David Clark Company

David Clark Company, Inc.
Private Corporation
Industry Electronics and textiles manufacturing
Founded 1935
Founder David M. Clark
Headquarters Worcester, Massachusetts, United States
Key people
Richard M. Urella, President
Products Communication headsets, protective clothing and equipment
$20 to $50 million (est.)
Number of employees
300 (est., D&B)
Subsidiaries Air-Lock, Inc.
Website www.davidclark.com

David Clark Company, Inc. is an American manufacturer, best known for noise attenuating headsets with boom microphones.

Located in Worcester, Massachusetts, the company was founded in 1935 by David M. Clark. It started in the textile business with the development of unique knitted materials for specialty undergarments and over time evolved to making aerospace and communications related products.

David Clark Company (DCC) is housed in a four-story building containing approximately 215,000 square feet (20,000 m2) of working area. DCC designs and manufactures a wide variety of aerospace and industrial protective equipment, including pressure-space suit systems, anti-G suits, noise attenuating communication headset systems and several medical/safety products. DCC has been involved in the design and manufacture of air-space crew protective equipment since 1941, beginning with the design and development of the first standard anti-G suits and valves used by allied fighter pilots during World War II.

DCC has designed and manufactured pressure/space suits. It developed partial pressure suits for NASA's Bell X-1 rocket-powered research aircraft in the 1940s, and full pressure suits for the D558-2 and North American X-15 research aircraft in the 1950s. DCC's X-15 suit design became the basis for all of its subsequent full pressure suits, including the space suits worn by astronauts for the first U.S. extravehicular activities (EVA) conducted during NASA's Project Gemini.

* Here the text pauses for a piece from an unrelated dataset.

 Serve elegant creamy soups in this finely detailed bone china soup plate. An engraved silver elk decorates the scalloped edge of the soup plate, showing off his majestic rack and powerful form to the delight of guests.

Since 1946, DCC's continuous pressure suit research and development efforts, sponsored largely by the Department of Defense to support its USAF high-altitude aircraft (Lockheed U-2 and SR-71) programs, resulted in the late 1980s development of a new generation pressure suit. The result was the S1034 Pilot's Protective Assembly (PPA). The S1034 PPA has since become the USAF and DoD standard pressure suit and served as the basis for NASA's S1035 Advanced Crew Escape Suit (ACES). This was adopted for the Space Shuttle program, replacing DCC's (partial pressure) S1032 Launch Entry Suit (LES). Both the S1034 PPA and S1035 ACES continue to be used by the USAF and NASA.

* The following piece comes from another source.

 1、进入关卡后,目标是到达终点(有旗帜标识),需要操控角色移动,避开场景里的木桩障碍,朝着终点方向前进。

Throughout the 1990s, DCC conducted Engineering Design and Development activities for the USAF Advanced Technology Anti-G Suit (ATAGS) program. This included the design and analysis of advanced ATAGS/Combat Edge vest designs for F-22 Raptor.

DCC designed and developed the Tactical Flyer's Ensemble (United States Patent 7,076,808). Research has also been conducted to develop the next generation of advanced pressure/space suit systems which will be required to satisfy emerging manned space exploration requirements. This included the development of the S1035-X ("D-suit") in the late 1990s and the follow-on Enhanced Mobility ACES circa 2005.

In 2008 DCC, along with its subsidiary, Air-Lock, Inc. of Milford, Connecticut, partnered with Houston, Texas-based Oceaneering Space Systems to develop the Constellation Space Suit System (CSSS) for use on the then-upcoming Constellation program.

In 2010 they designed, developed and fabricated pressure suits utilized on the Red Bull Stratos project, with which Felix Baumgartner performed a record-breaking free fall from a high-altitude balloon on 14 October 2012.[1]